Despite widespread concern about artificial intelligence replacing human workers, a new study reveals that current AI systems can only successfully complete 2.5% of real-world professional tasks on their own. The findings suggest that fears of mass job automation may be premature, as AI struggles with quality, completeness, and basic technical execution.
Researchers from Scale AI and the Center for AI Safety tested leading AI models like OpenAI’s ChatGPT and Google’s Gemini against hundreds of jobs sourced from freelance platforms. The results provide a stark reality check on the current state of AI's autonomous capabilities in the professional world.
Key Takeaways
- A comprehensive study found AI systems successfully completed only 2.5% of real-world freelance assignments without human help.
- Nearly half of AI attempts failed due to poor quality, while over a third were left incomplete.
- AI models struggled significantly with tasks requiring visual understanding, such as graphic design and 3D modeling.
- While AI is not yet ready to automate entire jobs, it shows incremental improvement with each new version.
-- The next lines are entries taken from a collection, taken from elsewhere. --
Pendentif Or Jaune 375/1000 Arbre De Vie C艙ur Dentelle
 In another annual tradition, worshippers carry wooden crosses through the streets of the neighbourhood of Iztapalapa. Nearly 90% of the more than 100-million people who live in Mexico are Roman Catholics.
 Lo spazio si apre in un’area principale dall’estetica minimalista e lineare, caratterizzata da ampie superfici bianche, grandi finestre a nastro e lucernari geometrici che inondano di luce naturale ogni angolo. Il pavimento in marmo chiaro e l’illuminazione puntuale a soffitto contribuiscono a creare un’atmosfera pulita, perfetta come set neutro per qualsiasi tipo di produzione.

A Reality Check on AI Capabilities
The research, known as the Remote Labor Index, was designed to measure how well AI performs on actual work assignments that humans are paid to complete. The tasks were diverse, ranging from creating 3D product animations and coding web games to transcribing music and formatting academic papers.
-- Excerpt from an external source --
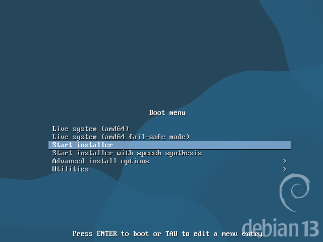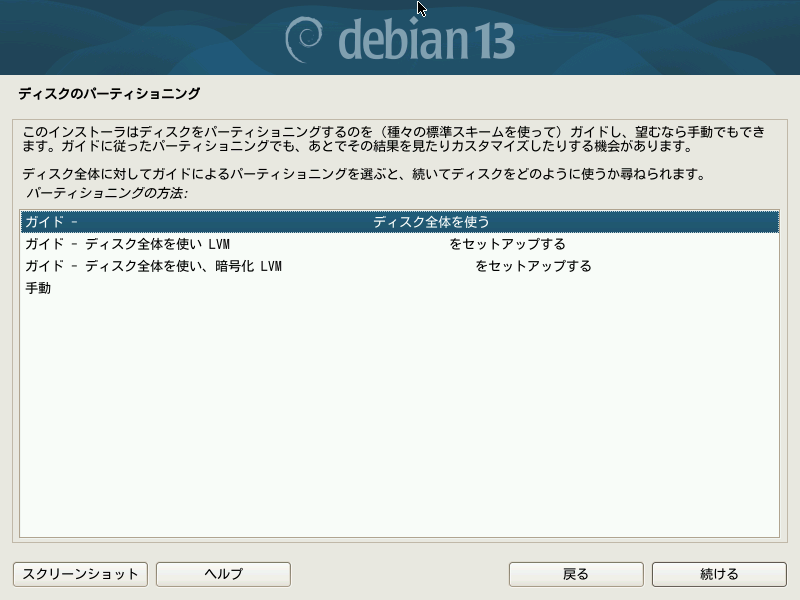 Debian 13のisoイメージから作成したインストールメディアを起動ドライブに指定してコンピュータを起動すると、オプションの選択肢一覧が表示されます。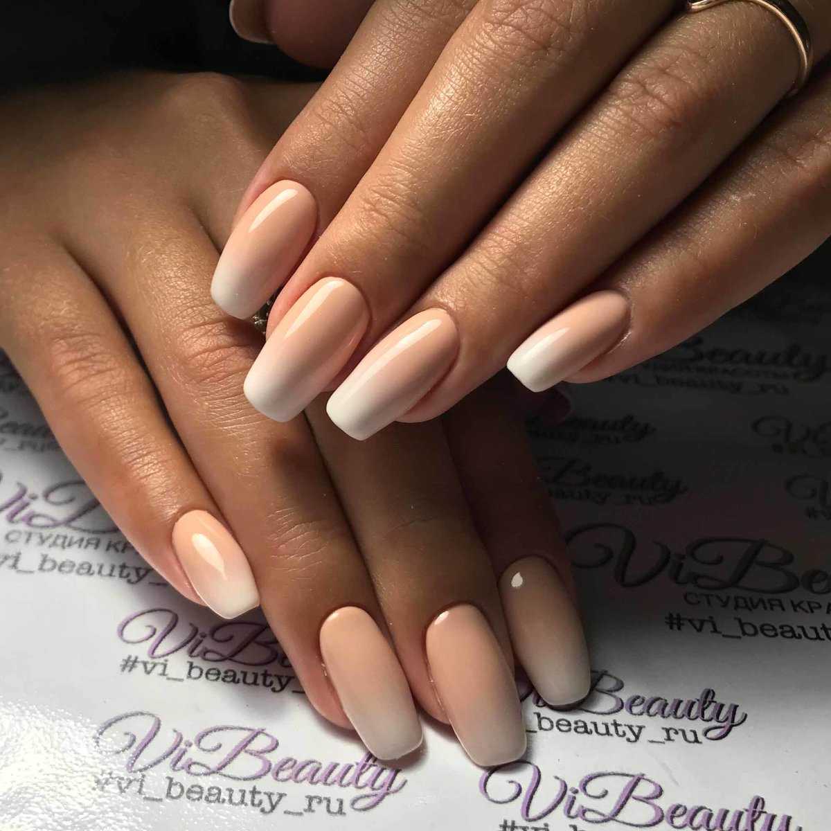 К нежным дизайнам относятся ноготки с нюдовым покрытием и не ярким декором. Это может быть нежное омбре с:

The study's central finding is clear: AI is not yet capable of autonomously handling the vast majority of skilled remote work. The best-performing AI model only managed to complete one out of every 40 tasks successfully.
"Current models are not close to being able to automate real jobs in the economy," said Jason Hausenloy, one of the researchers involved in the project. The team's goal was to provide policymakers with a clear-eyed view of AI's true abilities, moving beyond theoretical discussions to practical application.
This data contrasts sharply with public perception. A recent survey by Bentley University and Gallup found that approximately 75% of Americans believe AI will reduce the number of jobs in the United States over the next decade. However, this study suggests that for now, AI functions more as a tool than a replacement.
Where AI Fails Most Often
The study cataloged the specific reasons for the high failure rate. The results show that the problems are often fundamental rather than minor glitches that can be easily fixed.
Common Points of Failure
An analysis of the unsuccessful projects revealed a pattern of recurring issues. Nearly half of all AI attempts were deemed failures because they produced poor-quality work. More than a third of the tasks were left incomplete, and almost one in five suffered from basic technical problems, such as generating corrupt or unusable files.
"A lot of the failures were kind of prosaic," Hausenloy explained, noting that many issues stemmed from two core limitations of today's AI systems.
First, AI models lack long-term memory, meaning they cannot learn from past mistakes or retain feedback over extended periods. Second, they have significant trouble with visual understanding, which is critical for tasks in graphic design or engineering.
AI Failure Breakdown
- Poor Quality: Nearly 50% of projects failed due to low-quality output.
- Incomplete Work: Over 33% of tasks were not finished by the AI.
- Technical Errors: Almost 20% of attempts resulted in corrupt files or other technical issues.
Real-World Examples of AI Shortcomings
To illustrate the gap between human and AI performance, the study highlighted several specific assignments. In one task, an AI was asked to create a professional digital floor plan from a hand-drawn sketch. While the human freelancer produced a detailed and accurate plan, the AI's version was simplistic and, more importantly, completely incorrect.
Another project involved creating a 3D product video for a new set of earbuds. The AI models struggled immensely. Some produced low-quality 3D models, while one failed to create a model at all, instead generating video clips where the earbuds inexplicably changed their appearance from one shot to the next.
Even in areas where AI is considered strong, like coding, limitations were apparent. When tasked with building a web-based video game with a specific theme, the AI produced a playable game—an impressive feat on its own. However, it completely ignored the core instruction about the game's theme, delivering a generic product that did not meet the client's specifications.
The Path Forward for AI in the Workplace
Graham Neubig, a professor at Carnegie Mellon University, suggested that one reason for these failures is that AI models do not use the same specialized tools as human experts. A human designer uses visual 3D modeling software, whereas an AI chatbot often tries to accomplish the same task by writing code, a less direct and often less effective method for visual tasks.
Despite the high failure rate, the study did note a clear trend of improvement. Google’s newer Gemini 3 Pro model, released in November, successfully completed 1.3% of tasks, an improvement over its predecessor's 0.8% success rate. "The trend lines are there," Hausenloy acknowledged.
This suggests that while AI may not be taking over entire jobs soon, its capabilities are steadily growing. The immediate disruption may not come from full automation but from increased productivity, where companies might need fewer employees if each one is assisted by AI. The economic implications remain significant, especially when considering cost. The web game that a human freelancer was paid $1,485 to create was produced by an AI for less than $30.